Mentors can serve a pivotal role in helping nursing students to establish a career path and grow in any position. Even without a formal program or agreement, many seasoned nurses become mentors to newer nurses because advancing nursing practice simply depends on it. You should always be seeking opportunities to align with a preceptor or mentor in your chosen field. 

If they don’t have a mentor, how can they go about getting one? Should they simply ask someone they admire? Please explain. 

Finding a nurse to mentor you depends on a few factors. Perhaps the easiest way would be to search online through social media like LinkedIn or Facebook has a large nursing group called “Show Me Your Stethoscope.”

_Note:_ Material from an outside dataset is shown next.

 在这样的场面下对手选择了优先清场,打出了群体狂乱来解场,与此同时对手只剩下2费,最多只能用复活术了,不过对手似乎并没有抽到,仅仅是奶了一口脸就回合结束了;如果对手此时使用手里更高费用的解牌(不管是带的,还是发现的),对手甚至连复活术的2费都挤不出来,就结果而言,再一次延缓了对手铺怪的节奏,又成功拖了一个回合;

You should also consider joining a local nursing organization or chapter such as the American Association of Critical Care nurses. There are plenty of ways to seek out official nurse mentors through these channels, but be prepared to provide compensation.

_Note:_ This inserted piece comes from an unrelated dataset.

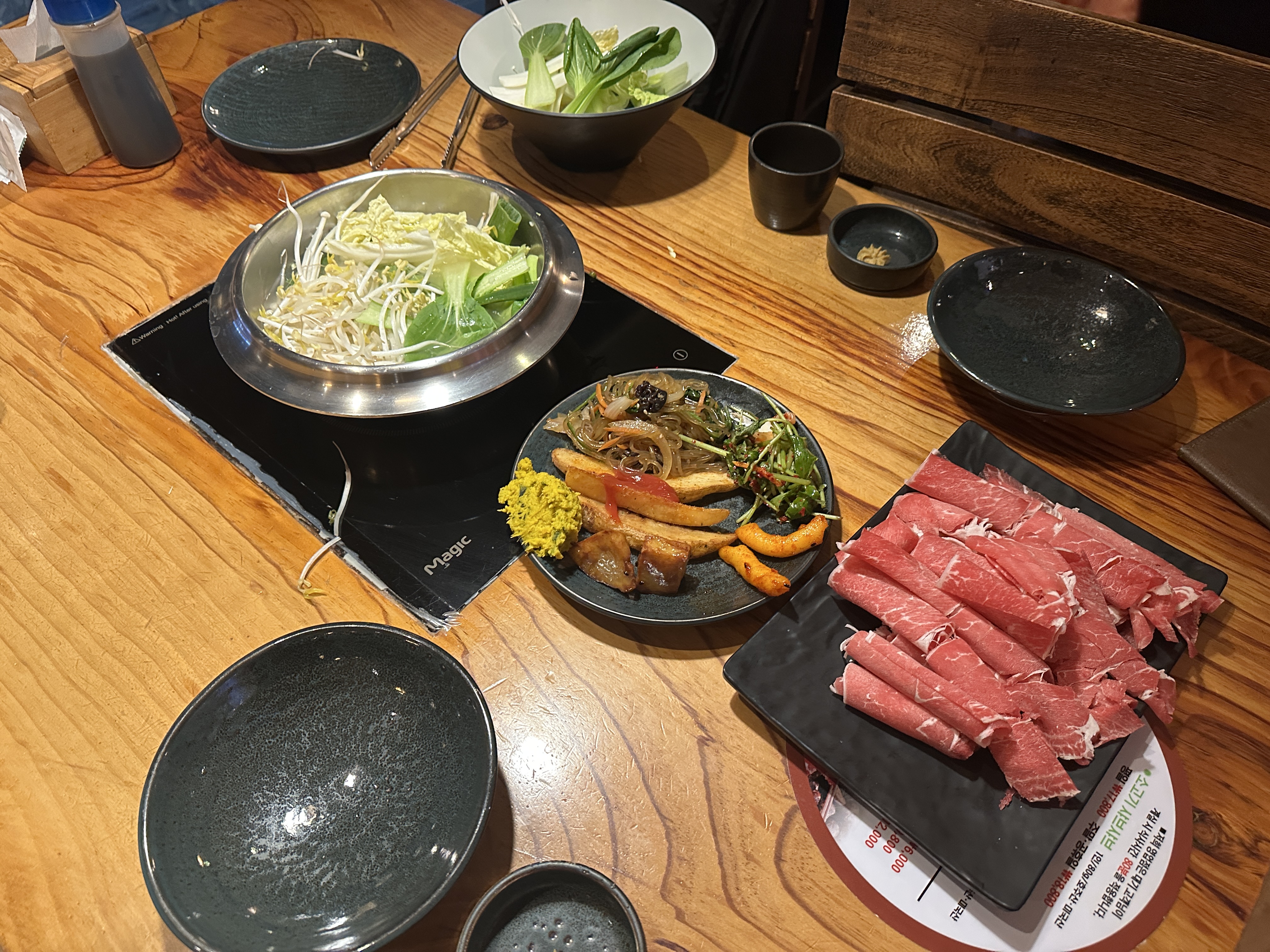 다양한 야채와 음식들로 입맛에 맞게 준비해 옵니다. 기분좋게 팔팔끓는 육수에 넣어서 맛있게 먹어봅니다. 월남쌈도 취향에 맞게 먹어볼 수 있어요.

Another way is to align yourself with a nurse during your clinical rotation or internship. Ask around the unit about who is available or would be willing to teach you about the job. Most nurses enjoy teaching students and watching them grow. Quite often a student develops a natural rapport with a nurse and a mentorship is formed. Just be sure to provide them with a return on their time investment. If you are eager to help me with my patient care or answering call lights, I will be eager to teach you whatever you want to know.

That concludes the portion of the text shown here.